Deuryw ytir a dyr eto,
Draul o fawrIal drwy lafurio,
Dodi gwedd a gâr, dirio ŷd o'r âr,
Dri heiniar draw heno.
After the uprising of Owain Glyndŵr and the Black Death which had such a deep effect on families in the preceding century, the agricultural industry at the turn of the fifteenth century took a very long time to grow into a success. Following the Crown expenditure on The Hundred Years' War, taxes were on the increase, and land in Wales was targeted during the Wars of the Roses too, with frequent occurrences of fire and theft of animals, especially horses. However, farming played a crucial role in improving the economy of the country, and the second half of the fifteenth century was a period of considerable prosperity in the farming community.
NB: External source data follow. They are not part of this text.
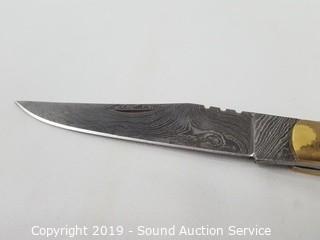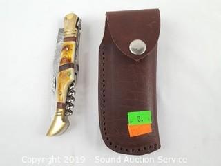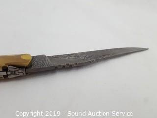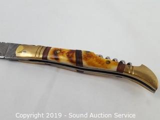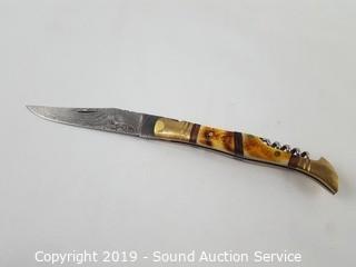Lot #0003: Beautiful Damascus Blade Folding Knife w/Corkscrew
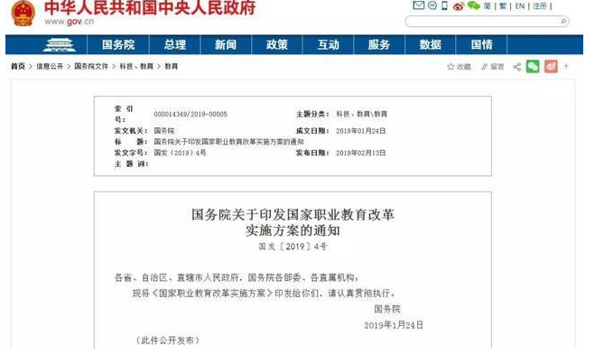 日前,国务院印发《国家职业教育改革实施方案》,对高中生(或具有高中同等学力)将要接受的职业教育发展提出具体指标:
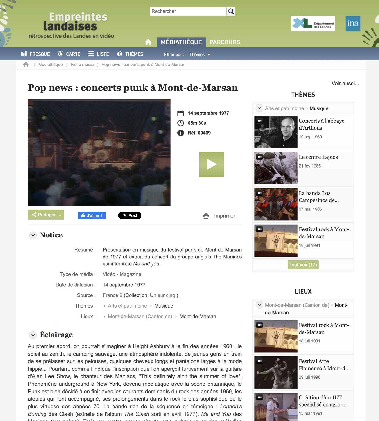 00:03:15 - 00:03:42 But the arenas had remained rather empty, probably a little too far ahead of fashion. Punk had not yet found its audience in France. But for this 1977 edition, there is now a crowd. It must be said that the organisers of the Mont-de-Marsan Festival are enthusiasts. Punk, they have known and listened to it for a long time, even before it was really called that. They simply said "rock" or "pub rock" when it was played in pubs. Logical.
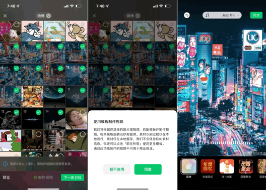 发布朋友圈时,选择超过 9 张照片会建议使用模板制作视频
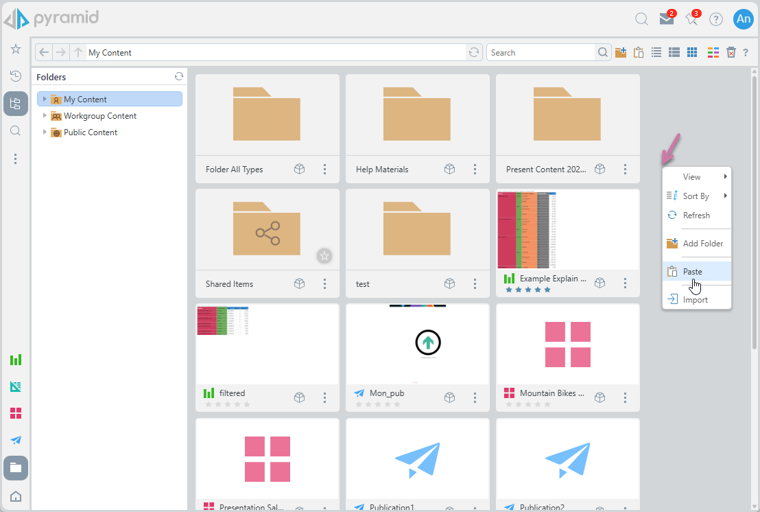- Right-click a folder in the tree and Paste from the context menu to paste the items into that specific folder:

We hear of land transfers, occasional lawsuits against thieves or cases of disagreement between tenant and master in the surviving records of some of the agricultural affairs of the age. Also, some of the poems of request and thanks for animals tell us much about the farming community in fifteenth-century Wales.
A number of Guto’r Glyn's patrons were involved in farming. A number of the poets too were farmers, such as Llawdden and Llywelyn ap Gutun, and there is evidence that poets like Tudur Penllyn, Ieuan Brydydd Hir and possibly Guto'r Glyn himself had some part in the wool industry. It appears that Tudur Penllyn was a highly successful farmer, and the poems exchanged between him and Guto demonstrate the knowledge which both possessed of sheep farming.